> [WHAT YOU WILL DO]:
Beginning with the line in which "La consejera de" appears, transcribe each line word for word until the records end. Do not include pictures.

── MATERIAL SUPPLIED

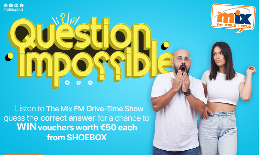 Συντονίσου καθημερινά στο Drive-Time Show, άκου την ερώτηση που θέτουν η Έλενα και ο Στέλιος, βρες τη σωστή απάντηση και στείλε γραπτό μήνυμα στο 3131 ή στο viber 99 31 00 31 και μπες στην κλήρωση για vouchers αξίας €50 από τα καταστήματα SHOEBOX!
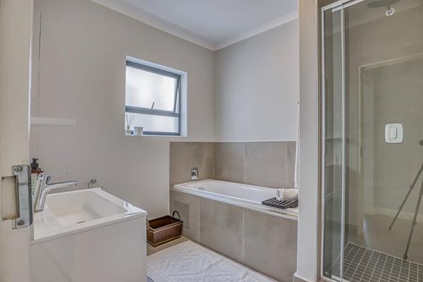 The two modern, fully tiled bathrooms feature sleek fixtures and finishes.
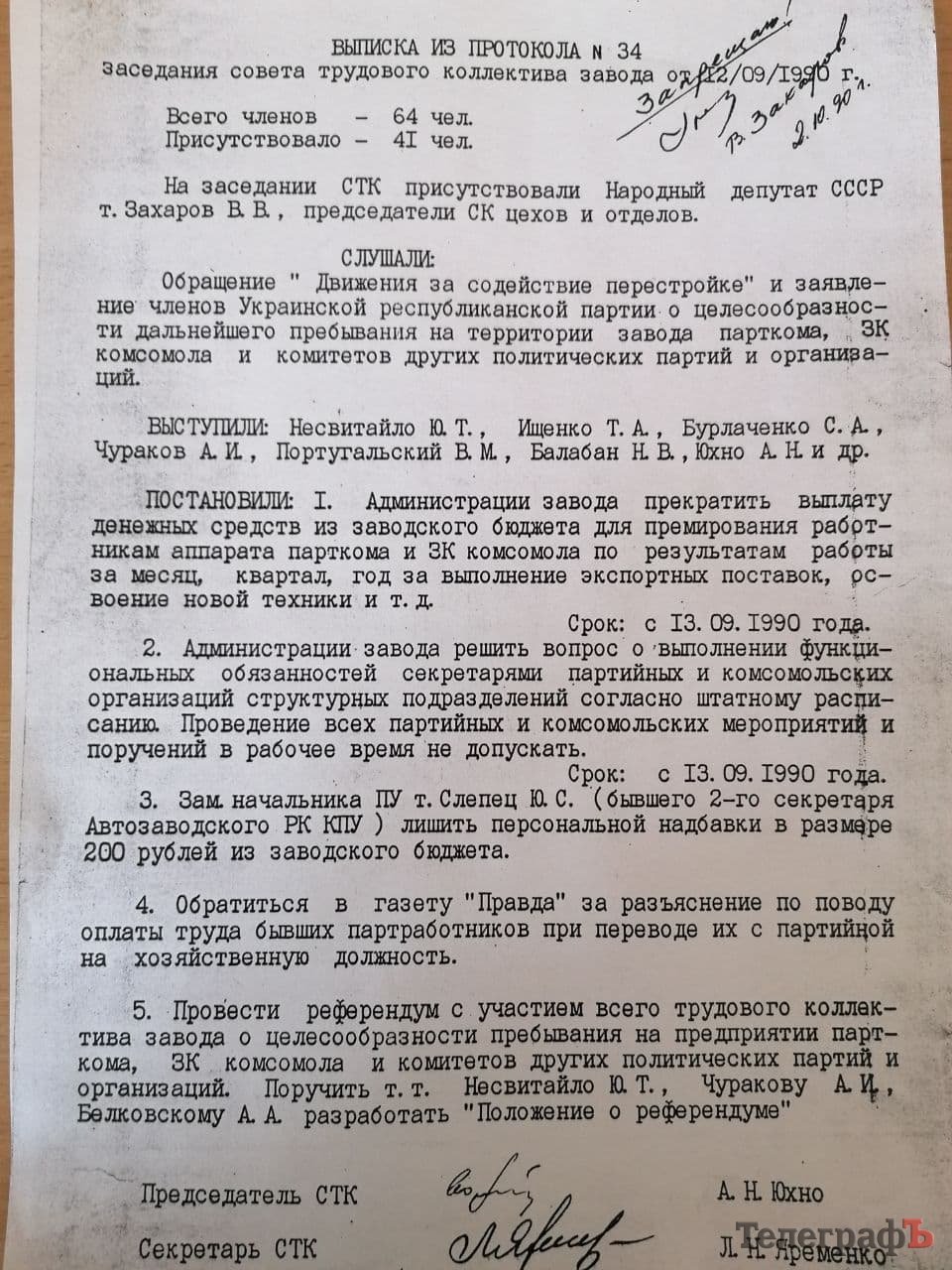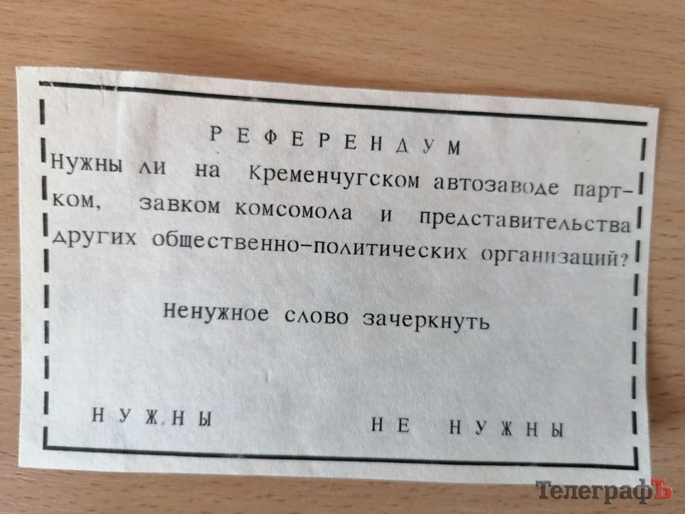 Рада трудового колективу КрАЗу постановила – провести референдум щодо доцільності парткому та політичних організацій на заводі. Віза гендиректора КрАЗу Віктора Захарова щодо референдуму: «Запрещаю!»
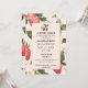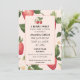 Perfeito para um convite de chá de fraldas de morango doce gêmeo—este evento com tema de morango é ideal para um primavera ou chá de fraldas de verão. Padrão de morango doce de berço com duas bagas gêmeas no topo. Plano de fundo rosa embebido.
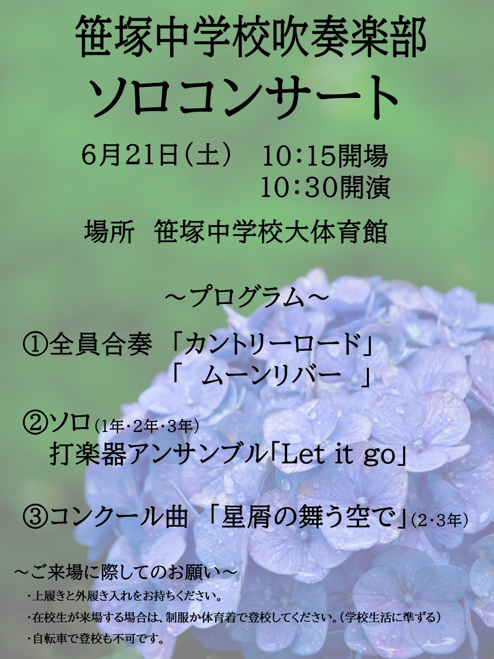 吹奏楽部ソロコンサートのお知らせ JPEG
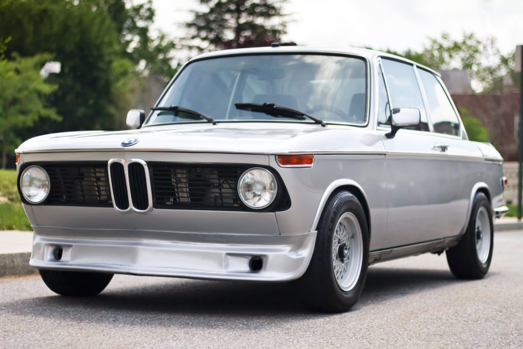 This 1974 BMW 2002 is powered by a fuel-injected 2.0-liter inline-four paired with a four-speed manual transmission and is finished in silver over gray and blue upholstery. Acquired by the seller in 2001, the car has been modified with an engine from a 1973 2002tii, an Ireland Engineering Turbo-style front air dam, European-market turn signals, a Raid Turbo steering wheel, front Recaro sport seats, and a Kenwood CD stereo as well as a fiberglass hood, trunk lid, and rear spoiler.
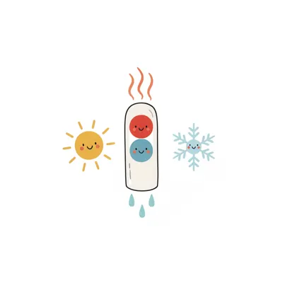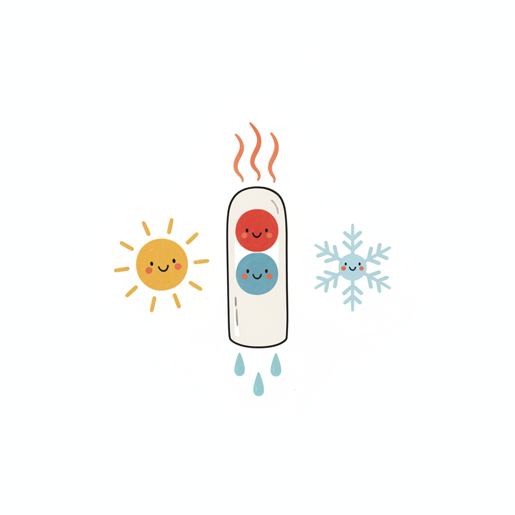 Niedliches Thermometer mit lächelnden Gesichtern, umgeben von Sonne, Hitze, Schneeflocke und Kälte.
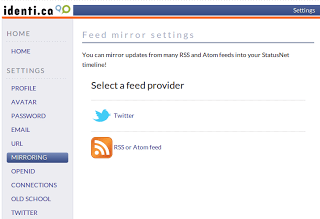 Another neat point about Identi.ca is that–unlike Plurk–you can feed content into it via RSS feed (as shown above). That means, you can have your Identi.ca account subscribe to a blog or RSS feed, and that content gets auto-posted to your Identi.ca account, which in turn can post content to lots of other places (e.g. Twitter, Facebook). Unfortunately, Identi.ca can’t handle Evernote, Google+ or custom RSS feeds…just the easy stuff.
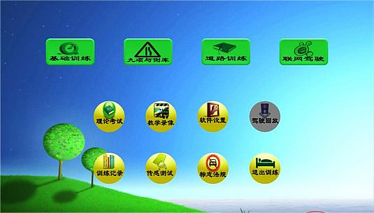 软件主界面如上图所示,界面上有"基础训练"、"九项与倒库"、"道路训练"、"联网驾驶"、"理论考试"、"教学录像"、"软件设置"、"驾驶回放"、"训练记录"、"传感测试"、"标志法规"、"退出训练"。
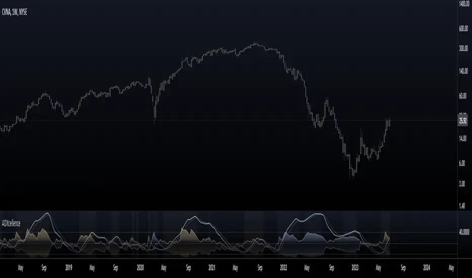 - The ADXcellence Indicator also offers a unique feature of dynamically adjusting the fill between DI+ and DI-, with the color and fill intensity changing based on the relative value of the two.
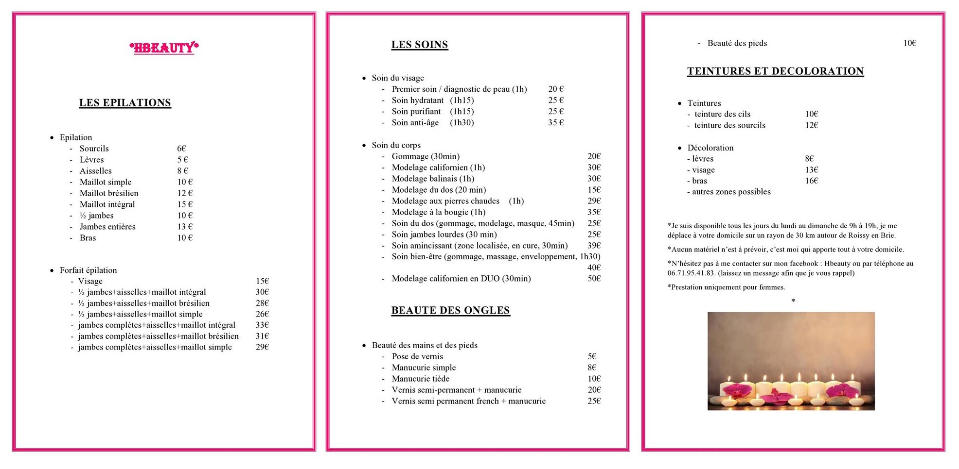 – Épilations : sourcils, lèvres, bras, jambes, maillot, aisselles.
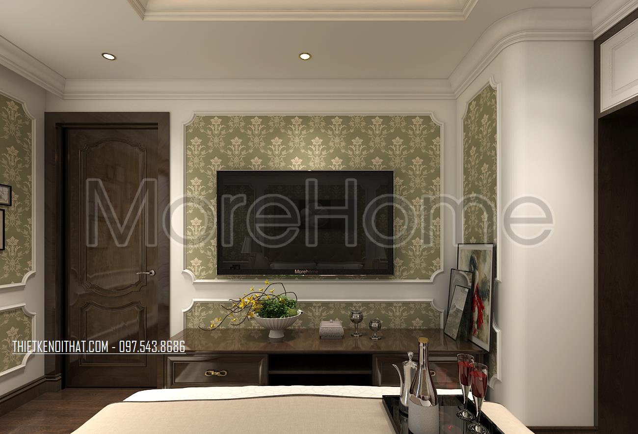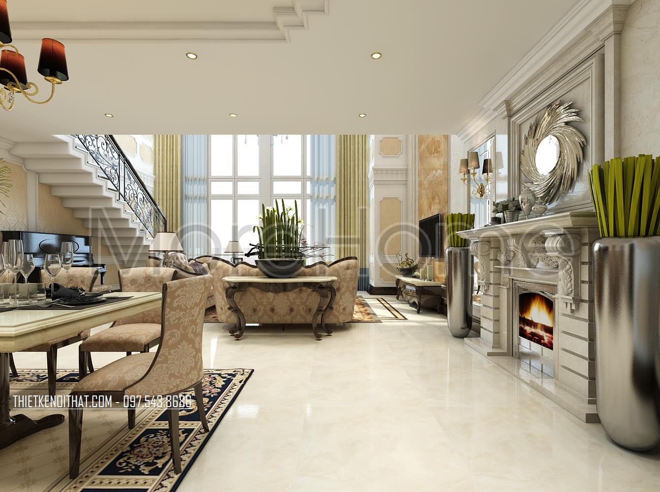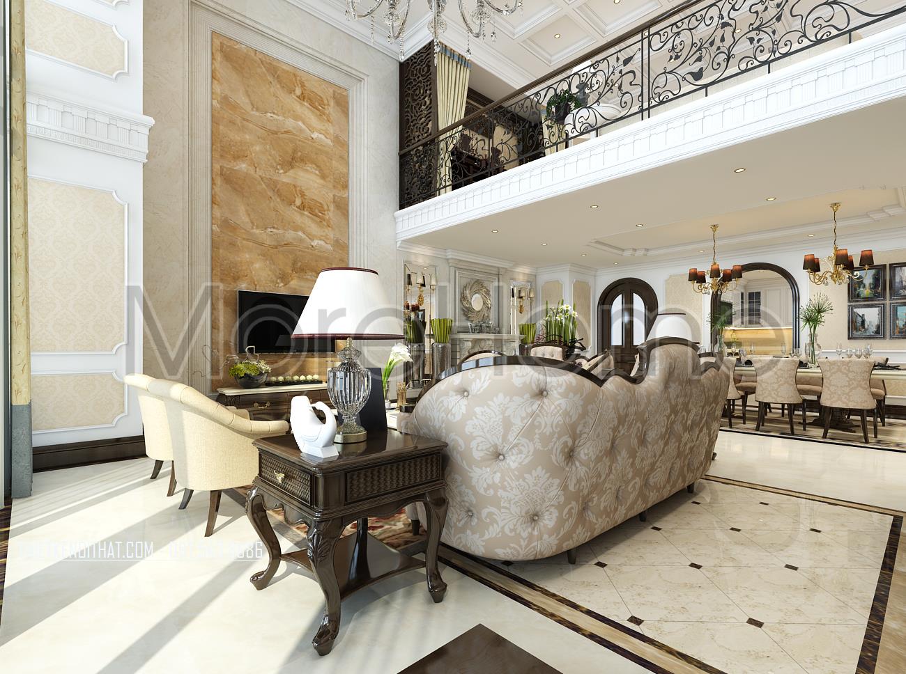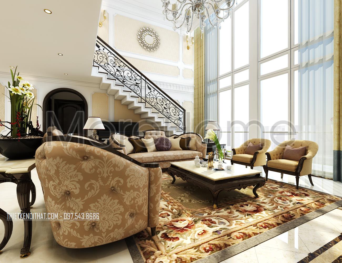 Thiết kế phòng khách tân cổ điển đem đến cho ta một cảm giác ấm cúng và dễ chịu. Với phòng khách này học tiết được chú trọng nhiều hơn đường nét chấm phá tinh tế pha nét cổ xưa xóa tan sự đơn điệu cho không gian rộng. Phòng thiết kế theo hướng mở, vì là căn hộ nằm trên cao nên việc tận dụng để đưa anh sáng và gió mát vào trong căn phòng quả là một điều vô cùng tuyệt vời. Trong thiết kế căn hộ này là mẫu căn hộ hai tầng nên trần nhà cao tạo cho ta cảm giác hơi trống và không được tự nhiên, để khắc phục điểm này Kiến trúc sư More Home đã thiết kế trần cách tân, các ô vuộng được sử dụng để tạo điểm nhấn thay thế cho thiết kế tường sơn đơn sắc thông thường.
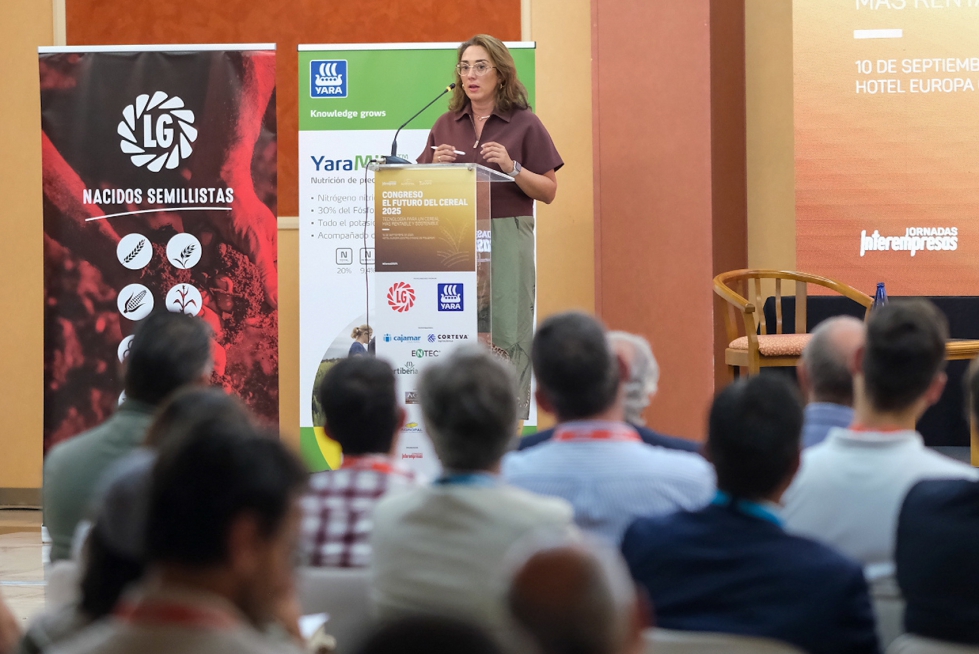 La consejera de Agricultura, Ganadería y Desarrollo Rural de la Junta de Castilla y León, María González Corral, aportó los datos definitivos de la cosecha de cereales en la clausura del Congreso El Futuro del Cereal, celebrado en Magaz de Pisuerga y organizado por Agropal y el Grupo Interempresas.
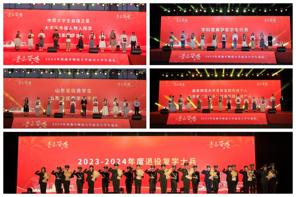 巡礼活动中,全体人员共同观看了2023年曲园学子在学业发展、创新创业、志愿服务、社会实践、技能锻炼等方面奖项获奖代表的宣传片,出席活动的领导老师为中国大学生自强之星、第十八届大学生年度人物入围奖、国家奖学金、山东省优秀学生、山东省优秀学生干部、山东省优秀毕业生、高质量就业学生代表、米兰网青年五四先进个人、山东省三下乡社会实践先进个人代表颁奖,学生代表为退役复学大学生士兵代表献花。

────

> [OUTPUT OF THE EXERCISE]:
 La consejera de Agricultura, Ganadería y Desarrollo Rural de la Junta de Castilla y León, María González Corral, aportó los datos definitivos de la cosecha de cereales en la clausura del Congreso El Futuro del Cereal, celebrado en Magaz de Pisuerga y organizado por Agropal y el Grupo Interempresas.
 巡礼活动中,全体人员共同观看了2023年曲园学子在学业发展、创新创业、志愿服务、社会实践、技能锻炼等方面奖项获奖代表的宣传片,出席活动的领导老师为中国大学生自强之星、第十八届大学生年度人物入围奖、国家奖学金、山东省优秀学生、山东省优秀学生干部、山东省优秀毕业生、高质量就业学生代表、米兰网青年五四先进个人、山东省三下乡社会实践先进个人代表颁奖,学生代表为退役复学大学生士兵代表献花。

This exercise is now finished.